Publicado en La Razón.es
Por: Ulises Fuente
Dicen de este libro que, con toda probabilidad, es el más «pirateado» de la historia en Latinoamérica. Aparecido en 1978 y ampliado y reeditado en 2004, ahora llega a España con nuevo prólogo y más perspectiva. Esta es la historia canónica de un ritmo pancaribeño, pero, sobre todo, es la crónica del Caribe urbano que no tiene su capital en la orilla de un mar cálido, sino en Nueva York. Ahí es donde debe comenzar esta historia, en la metrópoli estadounidense donde los emigrados (puertorriqueños, colombianos, dominicanos, venezolanos, panameños) padecen su desarraigo en castellano, como una sola comunidad, frente al «gringo», donde necesitan de un camino para expresar sus preocupaciones. El barrio que reclamó para sí la salsa es ya un entorno hostil, frenético y crudo.
De Cuba a Nueva York
El libro de César Miguel Rondón, una verdadera institución radiofónica en Venezuela, se remonta al jazz, donde los latinos tuvieron una presencia constante en la mayor parte de las orquestas y conjuntos de jazz de los clubes de Nueva York de las décadas de los 30 y 40. En esas décadas, además, Cuba era el paraíso del turista estadounidense y su destino predilecto. Gastaban dólares a manos llenas en los cabarés de fiesta fácil en una isla que vivía por y para la música. La tradición convivía con todo tipo de bailes de moda. Hasta que llegó la revolución, pero de eso hablaremos un poco más adelante.
En Nueva York, pervivían algunas grandes orquestas de músicos latinos dispuestos a tocar el mambo o el tango por igual. Sin embargo, cuando esta moda pasó, a los músicos no les quedó otro remedio que dar lugar a pequeñas formaciones que toman las salas públicas. Las formaciones de 20 miembros quedan reducidas a la mínima expresión, despojadas de glamour, pero reinyectadas de autenticidad. Las letras se vuelven fanfarronas, porque es como hay que hacerlo si uno quiere sobrevivir en la calle. Miseria, marginalidad y violencia eran el contexto de la periferia donde habitan los «nuyorican», mayoritariamente boricuas, aunque esto aún no se llamaba salsa: a comienzosde los 60 cabía por igual un son nuevo o un bolero viejo.

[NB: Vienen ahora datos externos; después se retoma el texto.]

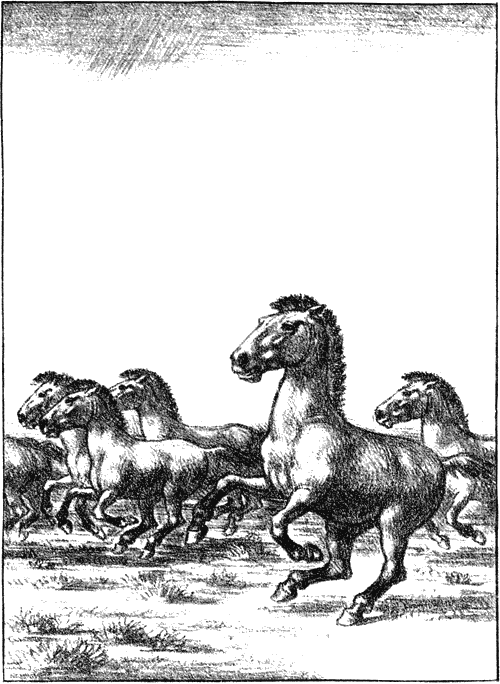 «Не успел я отползти шестидесяти шагов, — вспоминает Грум-Гржимайло о своей встрече с табуном диких лошадей, — как с фырканьем и храпом вылетел из кустов жеребец. Казалось, это сказочная лошадь — так хорош был дикарь! Описав крутую дугу около меня, он поднялся на дыбы, как бы желая своим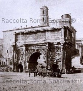 Descrizione: Arco di Settimio Severo, prima degli scavi che lo riportassero interamente alla luce Anno: (?) Fotografo: (?) Fonte: aechivio sconosciuto Aggiunta da Roma Sparita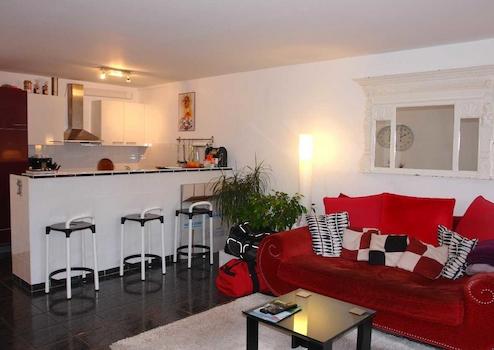 Die Böden im Wohn-Essbereich, in der offenen Küche und im Dielenbereich sind mit hochwertigen dunklen Fliesen belegt. Die sanitären Räume sind mit weißen Fliesen sowie weißen Keramiken ausgestattet. Diverse Einbauschränke und ein Kellerraum gehören zur Wohnung.

No fue hasta que irrumpieron personajes como Richie Palmieri, Ray Baretto y Joe Cuba que comenzó el sonido y la lírica del barrio, el lenguaje caló y la epopeya del maleante. Pero nada podría haber sucedido sin la emblemática orquesta de la Fania, los All-Stars, en la que un adolescente, el trombonista Willie Colón, estaba a punto de sistematizar las coordenadas de la salsa. Él y Héctor Lavoe sentaron las bases que «La calle está durísima» (Joe Cuba) ya había iniciado. «El malo» (1967) fue el primer disco de estos jóvenes airados, que, según Rondón, eran instrumentistas bastante mediocres, pero poseían otra cosa: «La música puede tener una calidad extraordinaria, pero si el público no se identifica con ella, carece de la verdadera trascendencia e importancia. Si uno no se ocupa del barrio marginal que explota musicalmente en la década de los sesenta, no puede comprender la distancia que separa a Tito Rodríguez de Willie Colón. Salsa implica barrio y, por tanto, los valores definitivos los aporta éste». Colón sonaba auténtico y las portadas de sus discos aludían a criminales, juicios y violencia. Sus detractores le atacaron por dignificar y ensalzar al «malandro», como le sucedería a muchos estilos musicales después, del punk al hip hop. Junto a Willie Colón, Rubén Blades llevó la lírica más alto, hacia la conquista de toda Latinoamérica.
Pero la salsa se lo debe todo al viejo son cubano. Durante años, el debate dividió al mundo musical latino. Algunos la acusaban de pervertir la tradición, de no ser más que una mala copia. No les faltaba razón, pues el clásico repertorio fue saqueado hasta la saciedad cuando la isla estaba cerrada y no se iba a ocupar en reclamar derechos de autor. Rondón, en cambio, defiende la salsa como un fenómeno musical y lírico con entidad propia. No discute la ascendencia de la tradición de la isla, es decir, la suma de la música española y la africana, como la fuente original, y, sin embargo, esa tradición tuvo que reinventarse y lo hizo en el barrio. La política se entrometió. En Cuba seguían pensando en que la mano «gringa» estaba detrás robándoles su patrimonio y orgullo nacional, una apropiación cultural según los medios oficiales. El escritor y residente en la isla Leonardo Padura, musicólogo de pro, zanja esta polémica en el prólogo: «César Miguel Rondón nos hizo ver las cuatro verdades», escribe. «Una música que se hizo a sí misma a golpe de abrazos, entre todas las tradiciones del Caribe y englobando a la isla grande de Cuba, tan lejos, pero a la vez tan cerca de lo ocurrido».